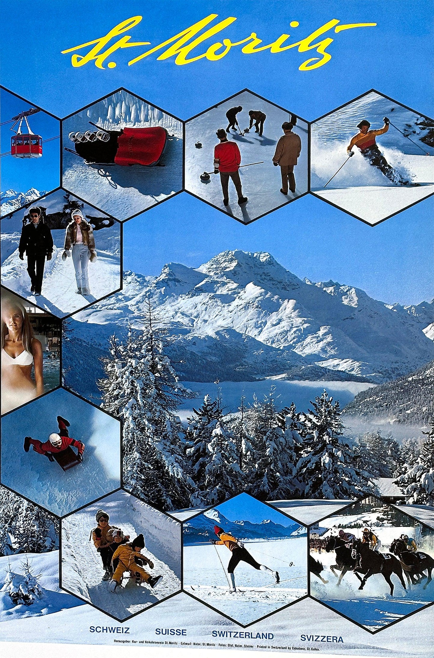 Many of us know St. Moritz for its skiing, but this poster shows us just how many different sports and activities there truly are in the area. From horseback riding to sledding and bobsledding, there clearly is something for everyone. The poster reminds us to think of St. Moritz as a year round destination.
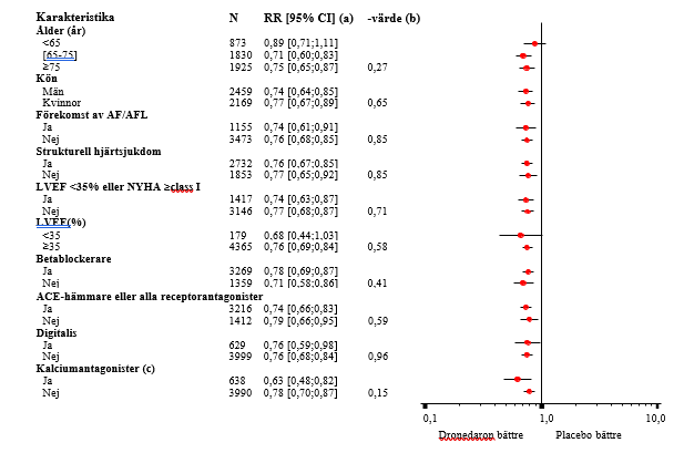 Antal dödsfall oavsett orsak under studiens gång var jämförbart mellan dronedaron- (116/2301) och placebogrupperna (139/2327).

==

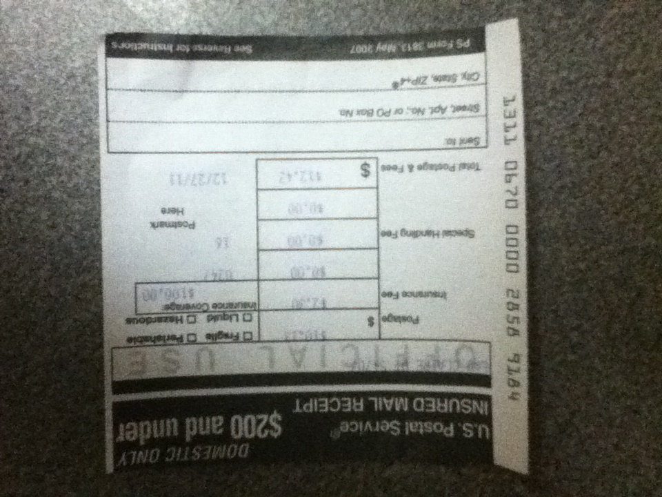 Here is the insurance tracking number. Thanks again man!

◆ Exercise instructions: Beginning at the line above that contains "Many of us know", repeat each line exactly through the one that contains "Antal dödsfall oavsett", and leave out the pictures.

◆ Task result:
 Many of us know St. Moritz for its skiing, but this poster shows us just how many different sports and activities there truly are in the area. From horseback riding to sledding and bobsledding, there clearly is something for everyone. The poster reminds us to think of St. Moritz as a year round destination.
 Antal dödsfall oavsett orsak under studiens gång var jämförbart mellan dronedaron- (116/2301) och placebogrupperna (139/2327).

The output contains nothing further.